Is There Evidence That Oral Hypoglycemic Agents Reduce Cardiovascular Morbidity or Mortality? No

Endothelial dysfunction is a characteristic feature of atherosclerosis, and studies indicate that it may predict long-term disease progression, as well as the rates of cardiovascular events. The endothelial system is the largest endocrine organ in primates, where it serves as an internal nonclotting lining of blood vessels by producing a number of anticoagulant factors including nitric oxide, prostacyclin, tissue plasminogen activator, protein C, and protein S. It also functions as a semi-permeable membrane for macromolecules in the bloodstream. The endothelium regulates vascular smooth muscle tone through the release of substances such as nitric oxide (NO), prostacyclin, and endothelin. It also plays a key role in platelet adhesion and aggregation by secreting a number of prothrombotic agents including von Willebrand factor, plasminogen activator inhibitor, and tissue factor (5).

Dysfunction of the endothelial system involves disruption of barrier integrity, allowing LDL molecules leakage into the vessel wall. Diseased endothelial cells express molecules that allow leukocyte binding and penetration into the sub-endothelial space. Leukocytes, mainly T-cells, together with endothelial cells produce and release various cytokines that attract monocytes driven to differentiate into phagocytes. Within the vessel wall, LDL molecules are rapidly oxidized and engulfed by phagocytes to form foam cells. Enhanced LDL oxidation in diabetic subjects is attributed to increased production of reactive oxygen species and an impaired scavenging system. Accumulation of foam cells attracts other inflammatory cells and fibroblasts that produce collagen fibers and create the fibrous cap surrounding the lipid core. Local cytokines and macrophage-derived matrix metalloproteinases partially degrade the fibrous cap, rendering it prone to rupture. Contact between the blood and the procoagulant lipid core initiates thrombus formation and vessel occlusion. The local inflammatory response is accompanied by generalized inflammation that is reflected by increased plasma levels of interleukin (IL)-1, IL-6, C-reactive protein, tumor necrosis factor-α (TNF-α), and complement components. These inflammatory molecules are also increased in insulin resistance, confirming the association between this entity and atherosclerosis development and progression. Insulin resistance is also associated with increased platelet activation and impaired fibrinolytic activity (5).
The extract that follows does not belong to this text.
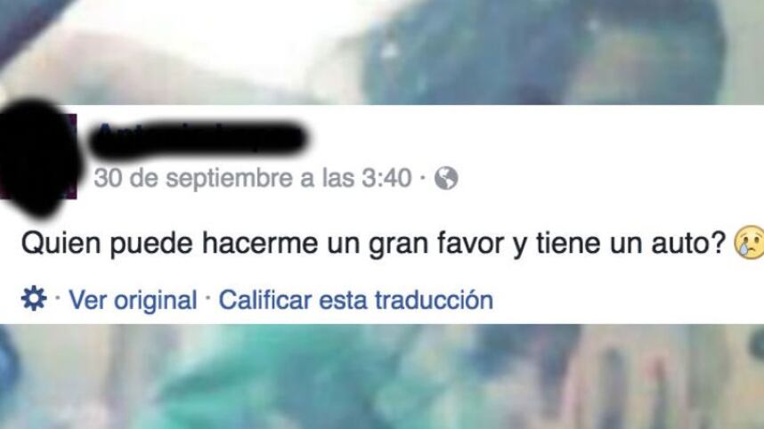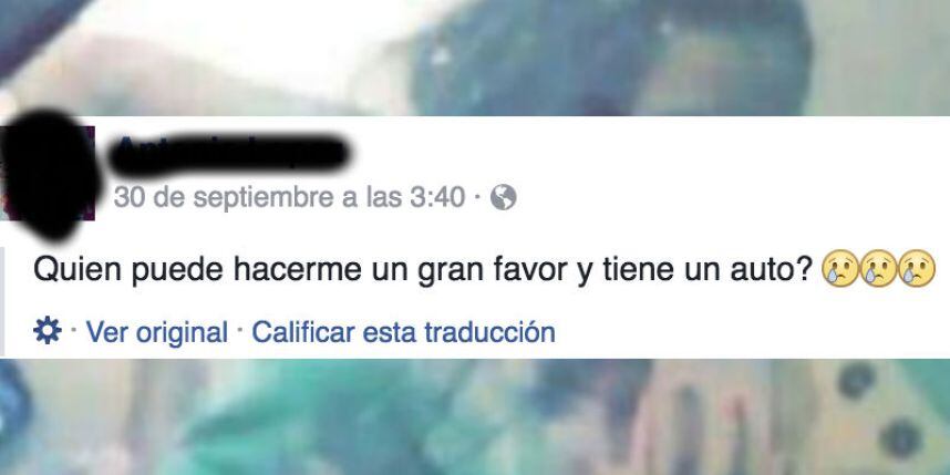Este decía: “¿Quién me puede hacer un enorme favor y tiene un auto?. Este tenía tres emojis de tristeza.

Thus, a comprehensive approach and management of all identified risk factors is needed to improve cardiovascular outcome in diabetes. Recently published studies demonstrated that intensified treatment of multiple risk factors in diabetic patients results in marked reduction of cardiovascular risk and cardiovascular mortality (6). Overall, an antidiabetic agent will ideally address multiple risk factors to prove beneficial for the prevention of atherosclerosis in diabetic subjects. Until we have solid evidence of improved cardiovascular clinical outcomes related to tight glucose control, we should be cautious when interpreting findings that mainly demonstrate reduction of risk factors or surrogate markers. That being said, correcting hyperglycemia should be attempted to prevent microvascular complications and possibly delay atherosclerosis progression and macrovascular complications.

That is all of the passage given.